Code trace for sandbox connect:

  1. crates/openshell-cli/src/main.rs -- SandboxCommands::Connect { name } dispatches to run::sandbox_connect()
  2. crates/openshell-cli/src/ssh.rs -- sandbox_connect() calls ssh_session_config():
    • Resolves sandbox name to ID via GetSandbox gRPC
    • Creates an SSH session via CreateSshSession gRPC
    • Builds a ProxyCommand string: <openshell-exe> ssh-proxy --gateway <url> --sandbox-id <id> --token <token>
    • If the gateway host is loopback but the cluster endpoint is not, resolve_ssh_gateway() overrides the host with the cluster endpoint's host
  3. sandbox_connect() builds an ssh command with:
    • -o ProxyCommand=... (the proxy command from step 2)
    • -o StrictHostKeyChecking=no -o UserKnownHostsFile=/dev/null -o GlobalKnownHostsFile=/dev/null (ephemeral host keys)
    • -tt -o RequestTTY=force (force PTY allocation)
    • -o SetEnv=TERM=xterm-256color (terminal type)
    • sandbox as the SSH user
  4. If stdin is a terminal (interactive), the CLI calls exec() (Unix) to replace itself with the ssh process, giving SSH direct terminal ownership.

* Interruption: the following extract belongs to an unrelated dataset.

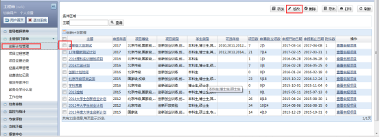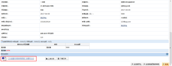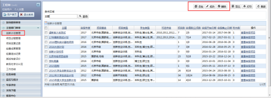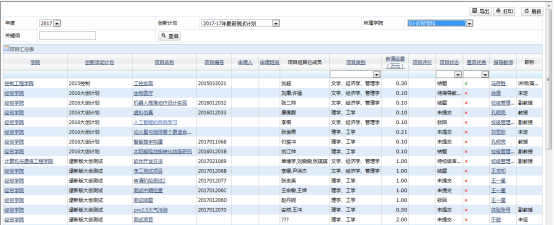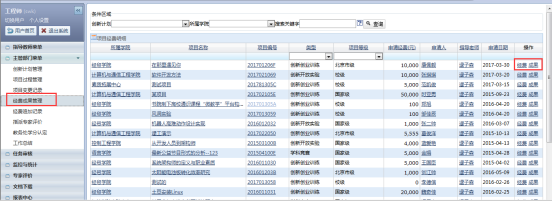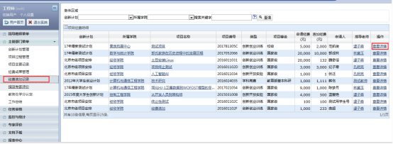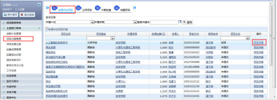 主管部门管理人可以在项目过程管理查看处于各个不同状态的项目的详细情况,比如项目名称、申请经费,指导老师,项目状态等,如图:

Otherwise it spawns and waits.
  5. When SSH starts, it spawns the ssh-proxy subprocess as its ProxyCommand.
  6. crates/openshell-cli/src/ssh.rs -- sandbox_ssh_proxy():
    • Parses the gateway URL, connects via TCP (plain) or TLS (mTLS)
    • Sends a raw HTTP CONNECT request with X-Sandbox-Id and X-Sandbox-Token headers
    • Reads the response status line; proceeds if 200
    • Spawns two tokio::spawn tasks for bidirectional copy between stdin/stdout and the gateway stream
    • When the remote-to-stdout direction completes, aborts the stdin-to-remote task (SSH has all the data it needs)

Command Execution (CLI)

The sandbox exec path is identical to interactive connect except:

  • The SSH command uses -T -o RequestTTY=no (no PTY) when tty=false
  • The command string is passed as the final SSH argument
  • The sandbox daemon routes it through exec_request() instead of shell_request(), spawning /bin/bash -lc <command>

When openshell sandbox create launches a --no-keep command or shell, it keeps the CLI process alive instead of exec()-ing into SSH so it can delete the sandbox after SSH exits. The default create flow, along with --forward, keeps the sandbox running.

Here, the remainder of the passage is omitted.